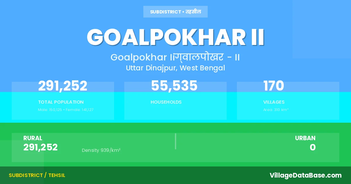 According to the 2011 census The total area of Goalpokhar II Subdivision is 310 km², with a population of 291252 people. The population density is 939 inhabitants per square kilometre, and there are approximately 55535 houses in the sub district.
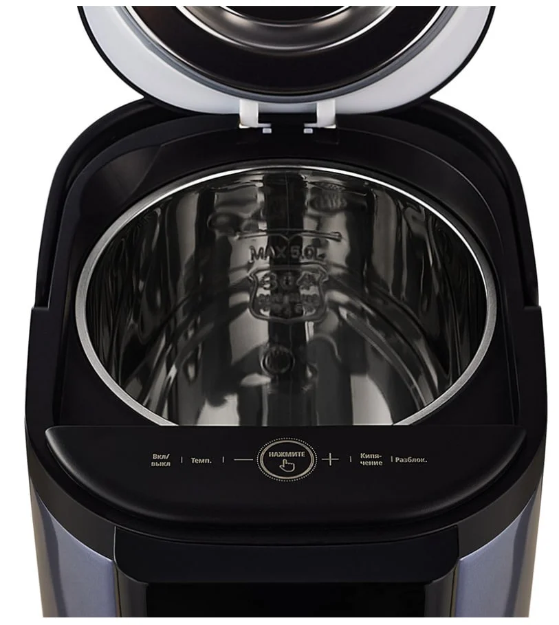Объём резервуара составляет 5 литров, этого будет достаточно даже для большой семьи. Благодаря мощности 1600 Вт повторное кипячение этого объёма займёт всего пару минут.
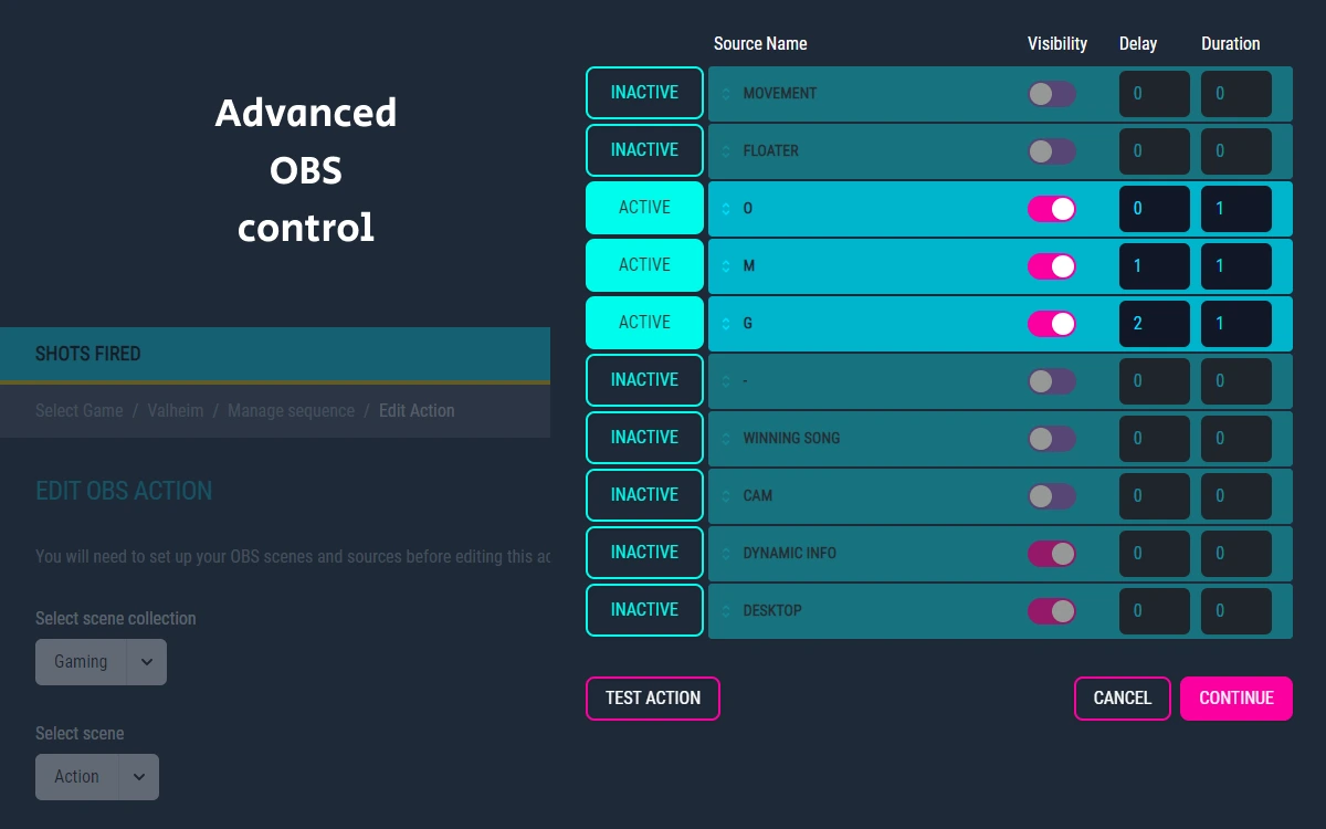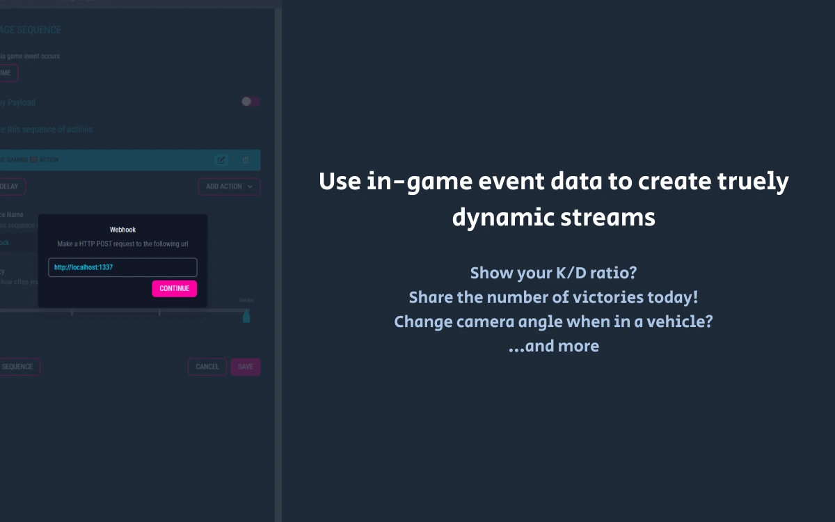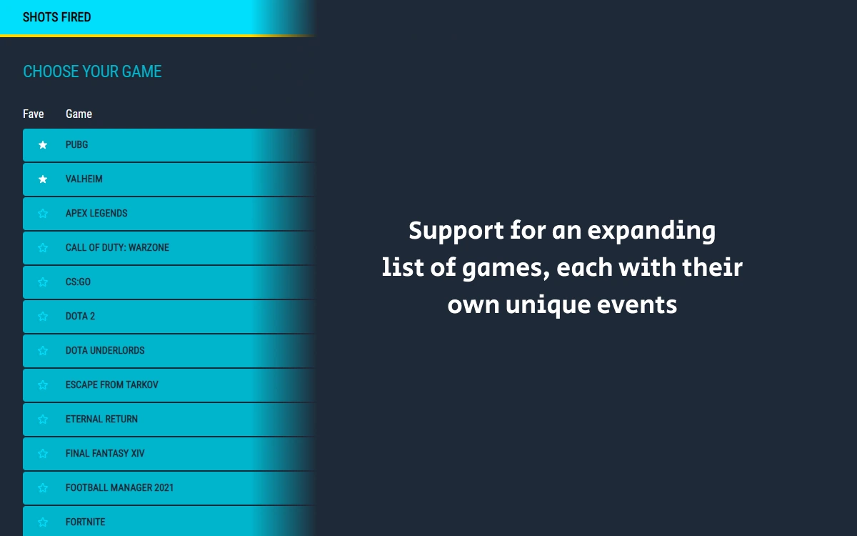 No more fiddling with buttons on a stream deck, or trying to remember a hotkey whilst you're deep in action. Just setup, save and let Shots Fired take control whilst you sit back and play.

====

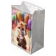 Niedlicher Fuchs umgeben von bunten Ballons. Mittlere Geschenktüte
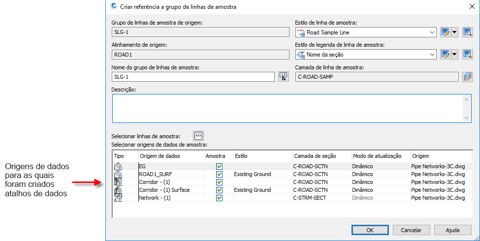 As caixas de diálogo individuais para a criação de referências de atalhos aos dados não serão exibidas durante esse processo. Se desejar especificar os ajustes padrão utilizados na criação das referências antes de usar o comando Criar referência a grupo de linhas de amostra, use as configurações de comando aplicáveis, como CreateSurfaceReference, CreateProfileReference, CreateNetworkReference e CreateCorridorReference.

====

EXERCISE BRIEF -> Pictures excluded, reproduce only the part above that opens with the line holding "According to the" and closes with the line holding "Объём резервуара составляет", exactly as written.

WRITTEN RESPONSE ->
 According to the 2011 census The total area of Goalpokhar II Subdivision is 310 km², with a population of 291252 people. The population density is 939 inhabitants per square kilometre, and there are approximately 55535 houses in the sub district.
Объём резервуара составляет 5 литров, этого будет достаточно даже для большой семьи. Благодаря мощности 1600 Вт повторное кипячение этого объёма займёт всего пару минут.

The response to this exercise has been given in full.